I love the annual showing of It’s A Wonderful Life at this time of the year. It’s become a holiday tradition for me, along with other films like A Christmas Carol (the 1951 version please), and more recently, Polar Express.

What really gets me into the holiday spirit though is coming up tomorrow night. It’s the most magical four or five minutes of television of the year for me. Tomorrow night Darlene Love makes her annual appearance on Late Night with David Letterman to sing “Christmas (Baby Please Come Home).” It is an annual tradition that began in 1986, and it has become one of the most special moments of any Christmas season.

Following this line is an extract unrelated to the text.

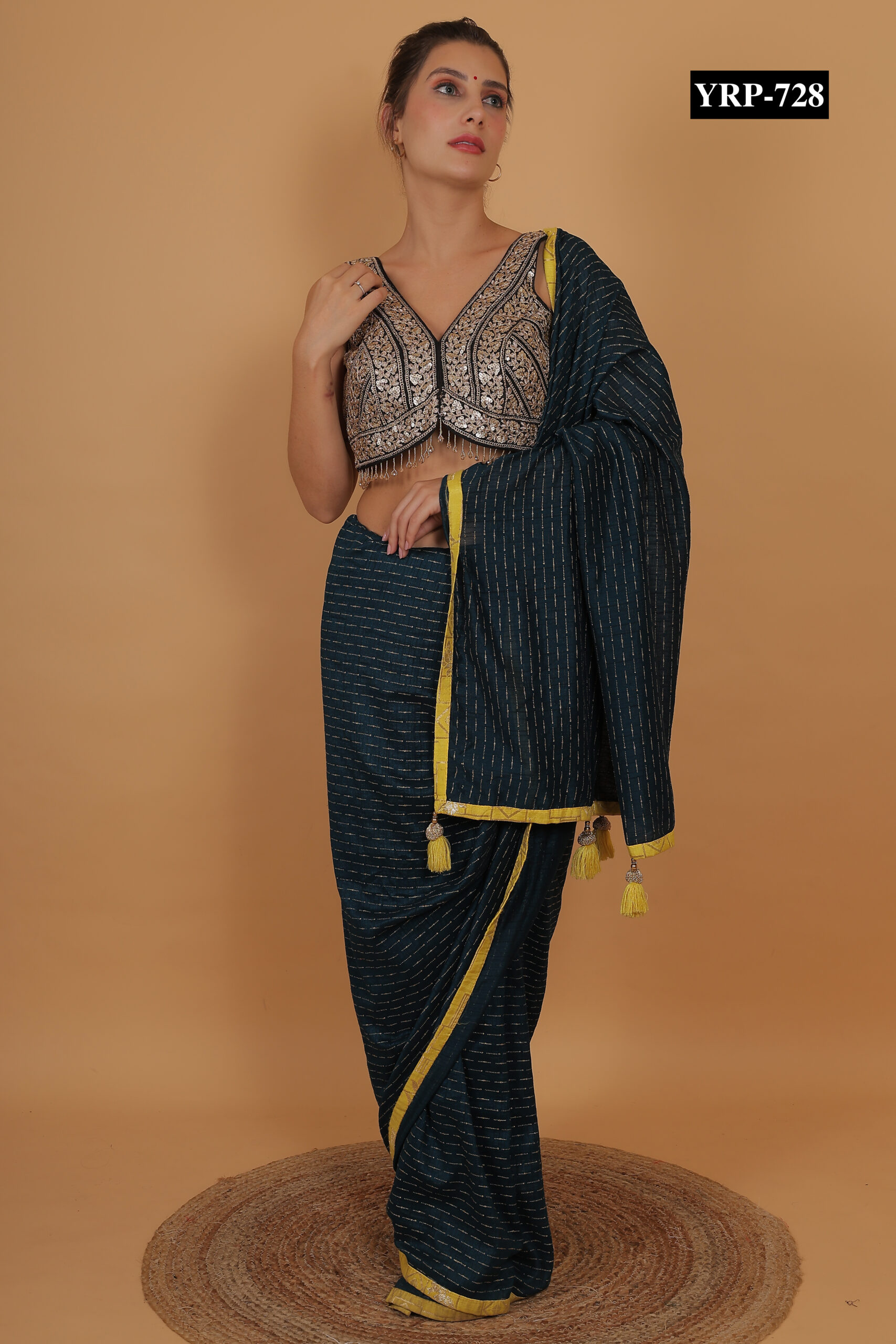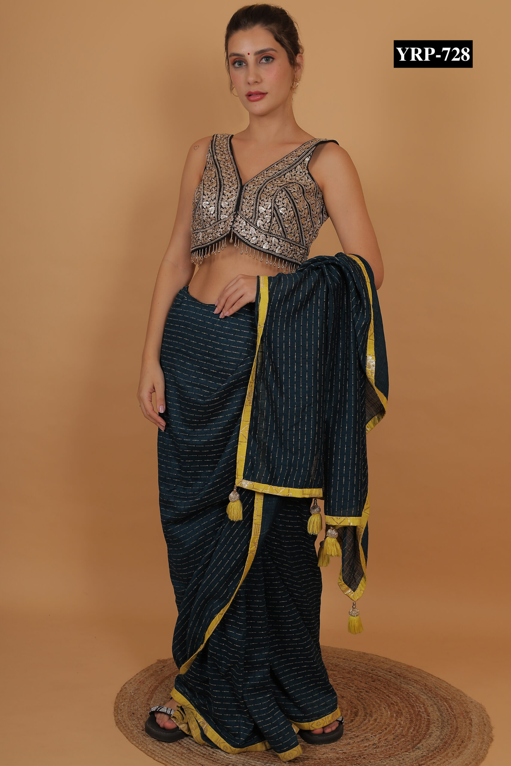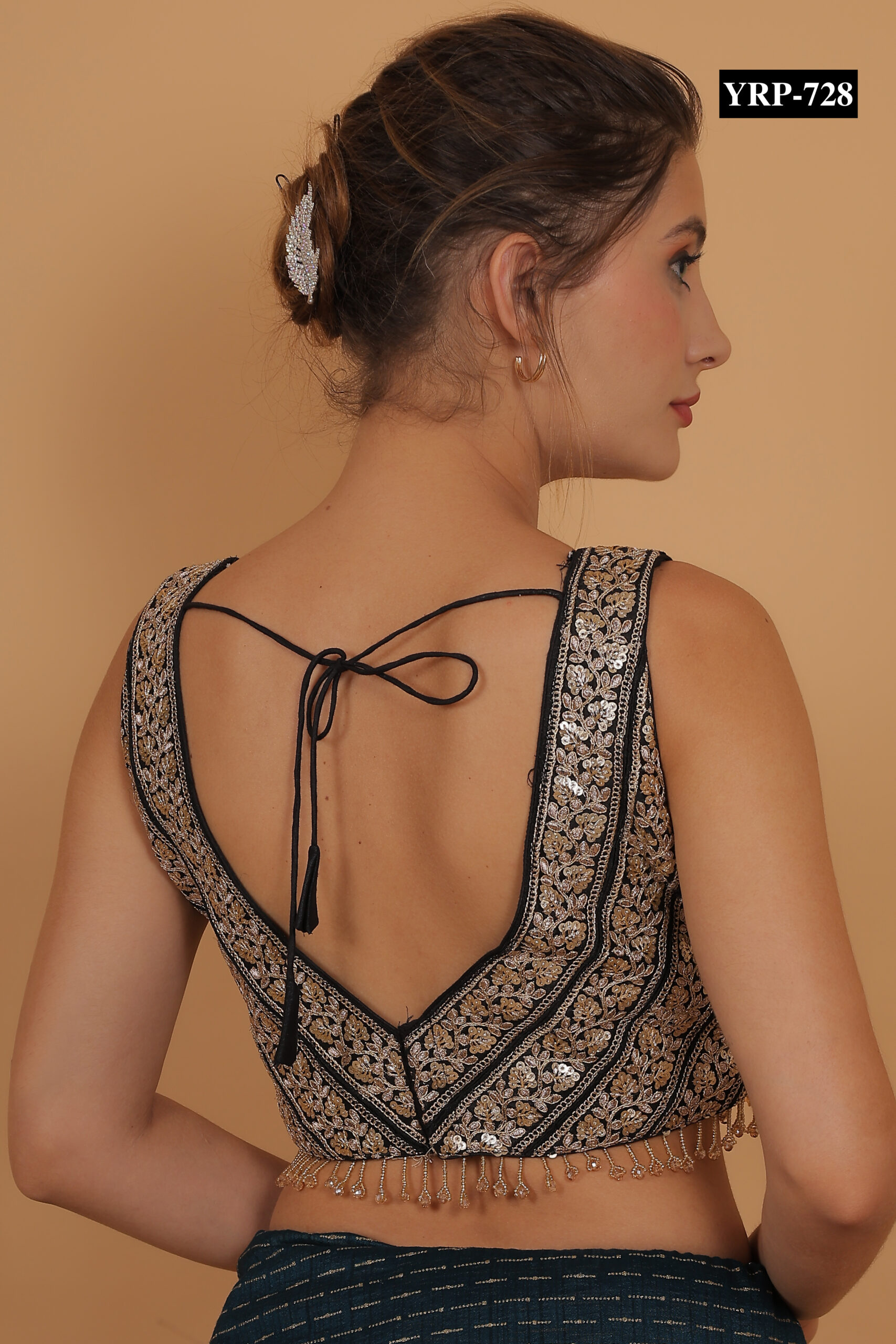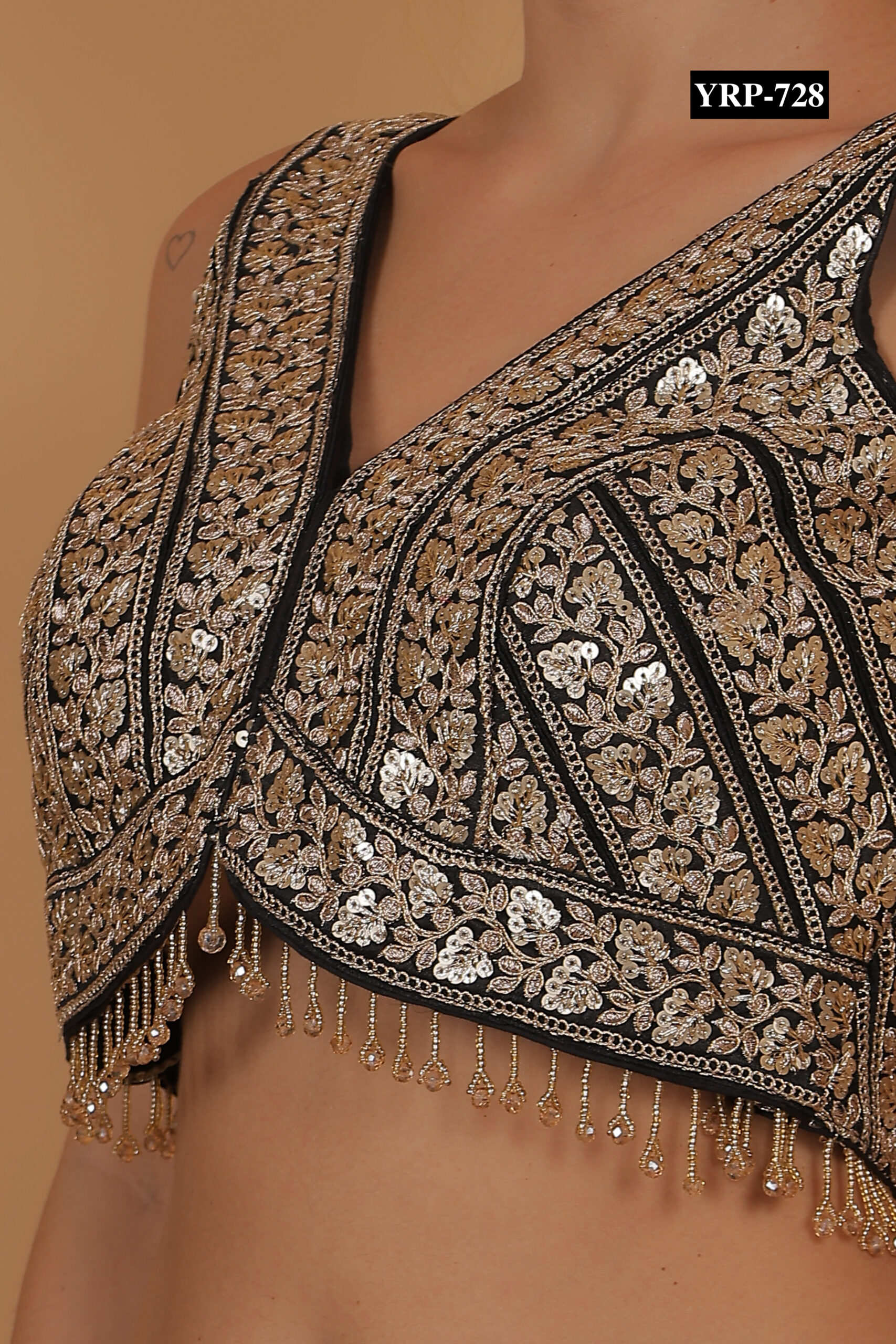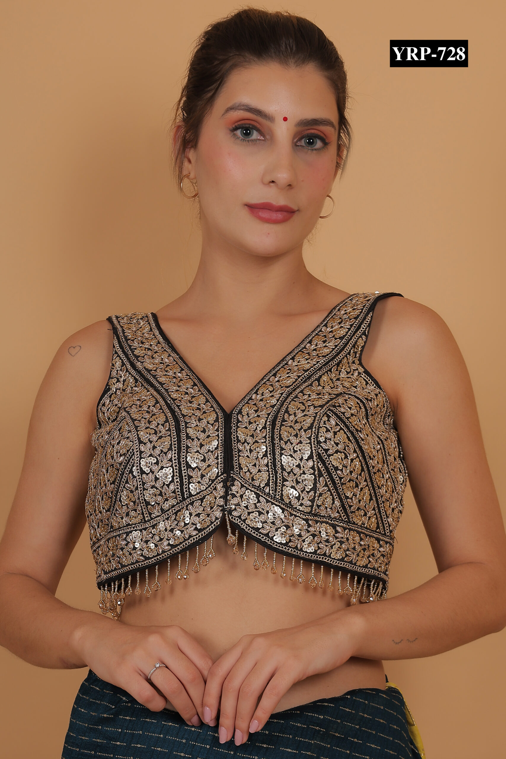 The Black Gold Tassel Top pairs beautifully with contrasting sarees or skirts, such as cream, red, or gold. The golden tassels add subtle shimmer and festive charm to your ensemble. Pair it with statement jewelry for a glamorous effect or keep accessories minimal for a refined, elegant appearance.

In 1963 Phil Spector was on top of the music world, releasing one stupendous wall of sound hit after another. It was that year that the Jewish producer from the Bronx decided that he would produce a wall of sound Christmas album featuring the roster of singers that he had relied on for his hits. The musicians who backed the singers on the album were the group best known as the Wrecking Crew, featuring Leon Russell on piano, Hal Blaine on drums, and Tommy Tedesco, and Barney Kessel on guitars. Sonny Bono and Jack Nitzsche played percussion, and Nitzche did the arrangements.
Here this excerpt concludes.